-- Material for this exercise --
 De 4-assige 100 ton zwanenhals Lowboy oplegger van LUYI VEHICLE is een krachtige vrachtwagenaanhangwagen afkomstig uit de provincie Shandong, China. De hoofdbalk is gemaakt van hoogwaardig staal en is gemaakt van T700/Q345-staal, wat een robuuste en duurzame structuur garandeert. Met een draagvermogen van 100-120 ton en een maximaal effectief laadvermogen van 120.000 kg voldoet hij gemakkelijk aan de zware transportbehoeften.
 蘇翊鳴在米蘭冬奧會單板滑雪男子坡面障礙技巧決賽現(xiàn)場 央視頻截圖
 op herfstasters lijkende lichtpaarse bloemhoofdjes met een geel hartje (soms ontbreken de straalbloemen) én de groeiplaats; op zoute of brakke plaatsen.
--
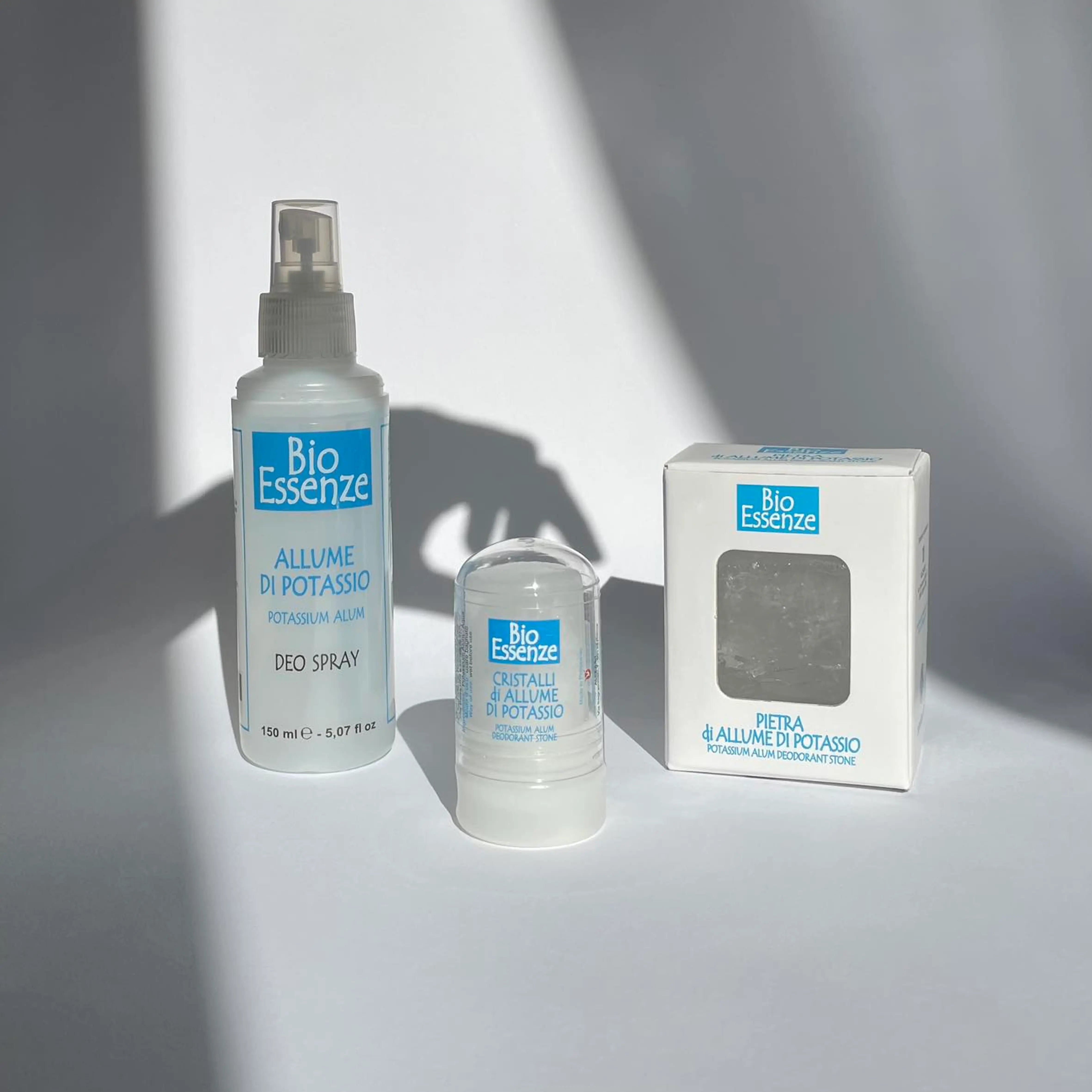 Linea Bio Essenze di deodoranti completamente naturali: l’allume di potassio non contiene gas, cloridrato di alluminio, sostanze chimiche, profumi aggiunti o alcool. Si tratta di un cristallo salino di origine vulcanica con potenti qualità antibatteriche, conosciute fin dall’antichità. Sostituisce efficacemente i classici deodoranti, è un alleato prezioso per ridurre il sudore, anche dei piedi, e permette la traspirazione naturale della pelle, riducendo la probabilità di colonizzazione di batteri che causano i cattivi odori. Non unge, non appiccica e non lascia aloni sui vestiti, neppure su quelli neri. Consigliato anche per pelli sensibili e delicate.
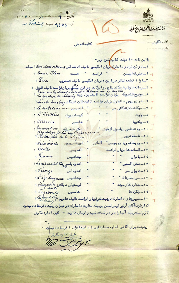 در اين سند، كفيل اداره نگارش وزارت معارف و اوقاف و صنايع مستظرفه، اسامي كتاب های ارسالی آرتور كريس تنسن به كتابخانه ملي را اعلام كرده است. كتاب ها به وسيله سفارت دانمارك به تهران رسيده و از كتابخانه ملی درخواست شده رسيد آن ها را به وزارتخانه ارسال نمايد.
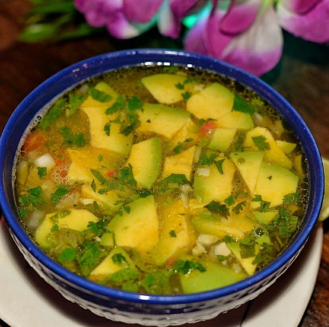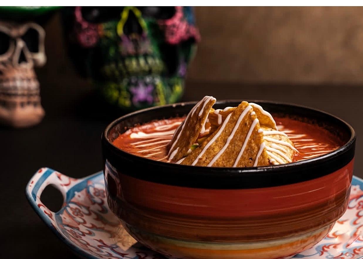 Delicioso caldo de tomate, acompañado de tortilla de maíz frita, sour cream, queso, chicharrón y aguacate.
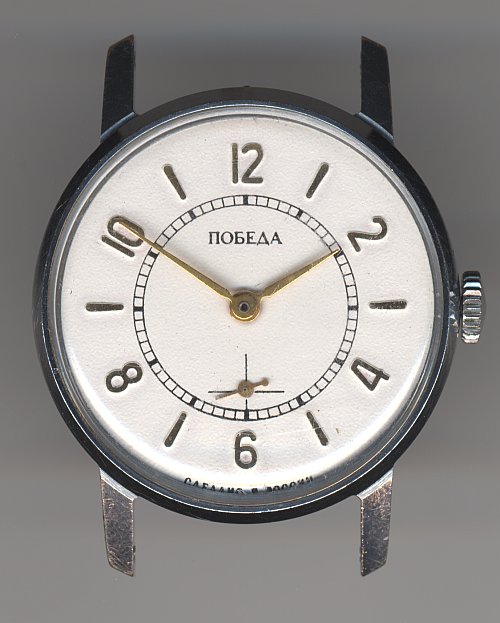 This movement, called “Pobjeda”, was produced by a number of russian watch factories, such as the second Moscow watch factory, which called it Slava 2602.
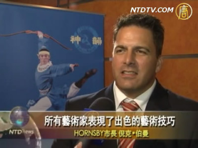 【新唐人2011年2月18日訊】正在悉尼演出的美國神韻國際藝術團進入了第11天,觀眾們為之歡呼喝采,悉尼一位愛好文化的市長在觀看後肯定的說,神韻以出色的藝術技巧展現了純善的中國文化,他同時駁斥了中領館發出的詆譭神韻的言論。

-- What the exercise asks --
Your reply should hold nothing but the lines above, from the one containing "در اين سند،" to the one containing "Delicioso caldo de", reproduced exactly minus the pictures.

-- Result --
 در اين سند، كفيل اداره نگارش وزارت معارف و اوقاف و صنايع مستظرفه، اسامي كتاب های ارسالی آرتور كريس تنسن به كتابخانه ملي را اعلام كرده است. كتاب ها به وسيله سفارت دانمارك به تهران رسيده و از كتابخانه ملی درخواست شده رسيد آن ها را به وزارتخانه ارسال نمايد.
 Delicioso caldo de tomate, acompañado de tortilla de maíz frita, sour cream, queso, chicharrón y aguacate.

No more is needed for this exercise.